Greek legend asserts that the Dorians took possession of the Peloponnesus in an event called the Return of the Heracleidae  (). Nineteenth-century Classical scholars saw in the legend a possibly real event they termed the Dorian invasion. The meaning of the concept has changed several times, as historians, philologists and archaeologists used it in attempts to explain the cultural discontinuities expressed in the data of their fields. The pattern of arrival of Dorian culture on certain islands in the Mediterranean, such as Crete, is also not well understood. The Dorians colonised a number of sites on Crete such as Lato.

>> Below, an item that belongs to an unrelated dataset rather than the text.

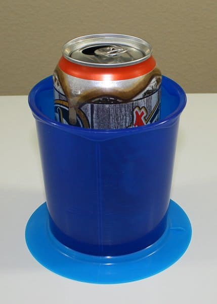 As you can see from the above photos, the Stickey Cup is a plastic cup itself with a rubber suction cup on its base. I was sent a sample Stickey Cup and was amazed at how well it stuck to flat, non-porous surfaces. I stuck the Stickey Cup to my granite counter top in the kitchen and placed an open can of soda in it. I intentionally bumped and knocked at the Stickey Cup and it would not budge. The width of the cup is also wide enough to handle cans, bottles and even tumblers. As I was testing it I thought to myself, “If I had a few of these years ago, how many spilled cans of beer could I have back in my life right now?”. Take a look at a few videos of the Stickey Cup in action.
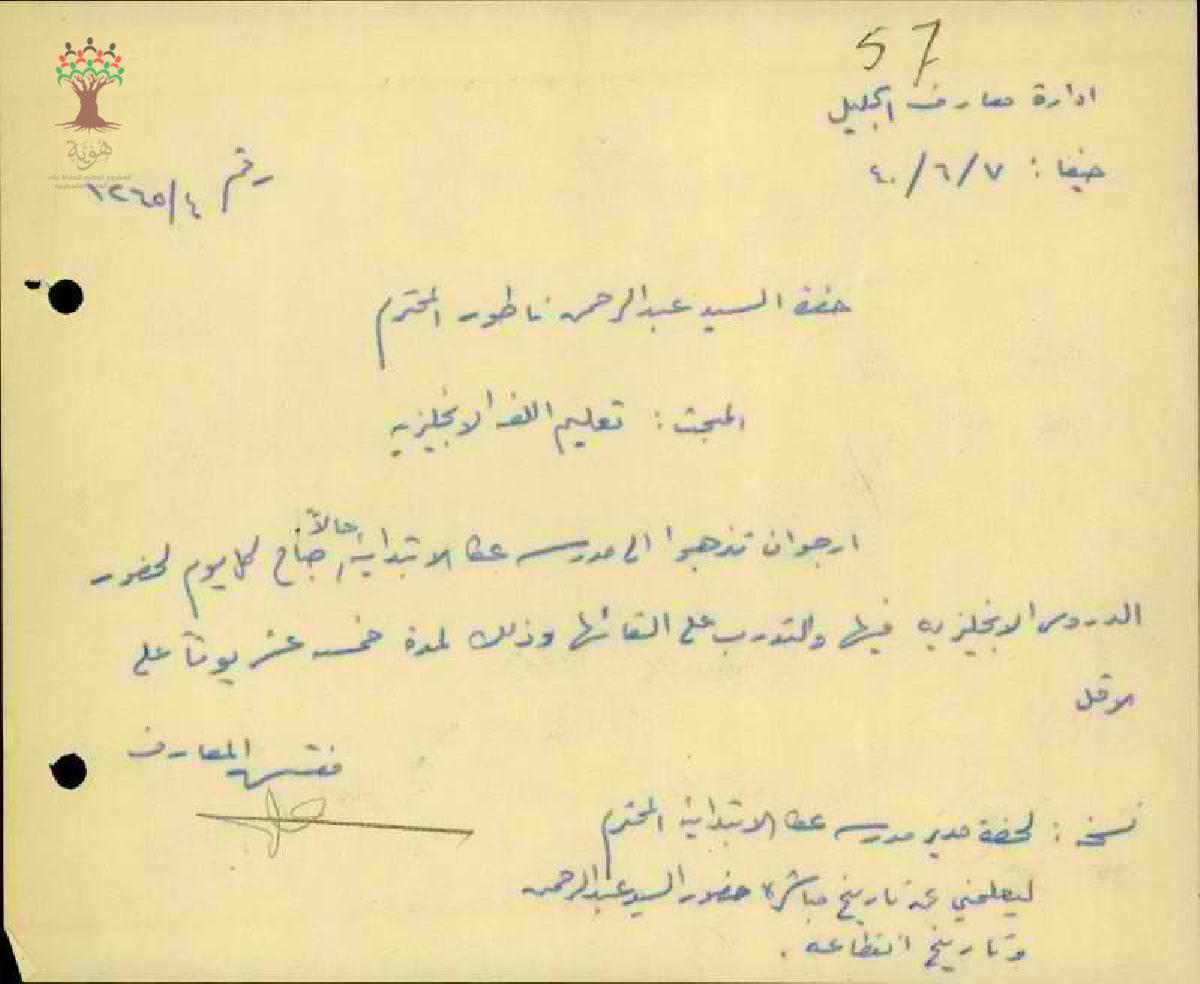 طلب مفتش المعارف من المعلم عبد الرحمن فرج الناطور الذهاب الى مدرسة عكا الابتدائية لتعلم دروس اللغة الانجليزية

Despite nearly 200 years of investigation, the historicity of a mass migration of Dorians into Greece has never been established, and the origin of the Dorians remains unknown. Firm archeological evidence of such an invasion has not been established. Nonetheless, the pervasiveness of the Dorians in literature means that most historians do not reject the theory. Some have linked them or their victims with the emergence of the equally mysterious Sea Peoples during the Late Bronze Age collapse.  The meaning of the phrase "Dorian invasion" as an explanation for the cultural and economic breakdown after the Mycenaean period and into the Greek Dark Ages has become to some degree amorphous.

Return of the Heracleidae

Classical tradition, as recorded for example in Herodotus, describes the "Return of the Heracleidae" (Ἐπιστροφὴ τῶν Ἡρακλειδῶν), the descendants of Heracles, who were exiled at his death and returned in later generations to reclaim the dominion that Heracles had held in the Peloponnesus. The Heraclid leaders were the brothers Kresphontes and Temenos, as well as the twins Eurysthenes and Prokles, all descendants of Heracles. They divided most of the Peloponnese into three parts: Kresphontes took Messenia, Temenos the north-east, and the twins Laconia, thus becoming the first dual kings of Sparta.

The Greece to which the tradition refers is the mythic one, now considered to be Mycenaean Greece. The details differ from one ancient author to another, the commonality being that a traditional ruling clan traced its legitimacy to Heracles.

The Greek words referring to the influx of the Dorians are katienai and katerchesthai, literally "to descend",  "come down" or "go down" or, less commonly, "be brought down." It means a descent from uplands to lowlands, or from earth to grave, or rushing down as a flood, or sweeping down as a wind, or those who have returned from exile by ship.  This sweeping down upon the Peloponnesus invited the English translation "invasion".

There is, however, a distinction between Heracleidae and Dorians. George Grote summarizes the relationship as follows:Herakles himself had rendered inestimable aid to the Dorian king Aegimius, when the latter was hard pressed in a contest with the Lapithae .... Herakles defeated the Lapithae and slew their king Koronus; in return for which Aegimius assigned to his deliverers one third part of his whole territory and adopted Hyllus as his son.
After the death of Heracles, Hyllus (a Perseid) was driven from the state of Mycenae into exile by a dynastic rival, Eurystheus (another Perseid):
After the death ... of Herakles, his son Hyllos and his other children were expelled and persecuted by Eurystheus ... Eurystheus invaded Attica, but perished in the attempt .... All the sons of Eurystheus lost their lives ... with him, so that the Perseid family was now represented only by the Herakleids ....The Pelopid family now assumed power. The Heraclids "endeavored to recover the possessions from which they had been expelled" but were defeated by the Ionians at the Isthmus of Corinth. Hyllus staked peace for three generations against immediate reoccupation on a single combat and was killed by Echemus of Arcadia.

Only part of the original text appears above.